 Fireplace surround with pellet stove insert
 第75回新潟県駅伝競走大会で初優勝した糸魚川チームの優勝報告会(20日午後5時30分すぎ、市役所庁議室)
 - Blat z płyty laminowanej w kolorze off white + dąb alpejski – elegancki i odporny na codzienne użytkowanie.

==

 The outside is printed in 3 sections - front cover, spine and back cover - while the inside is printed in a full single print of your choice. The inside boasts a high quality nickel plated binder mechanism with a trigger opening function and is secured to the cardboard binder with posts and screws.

- [What you have to do]: Your answer should consist of the lines from the listing that hold the word "with".

- [Finished task]:
 Fireplace surround with pellet stove insert
 The outside is printed in 3 sections - front cover, spine and back cover - while the inside is printed in a full single print of your choice. The inside boasts a high quality nickel plated binder mechanism with a trigger opening function and is secured to the cardboard binder with posts and screws.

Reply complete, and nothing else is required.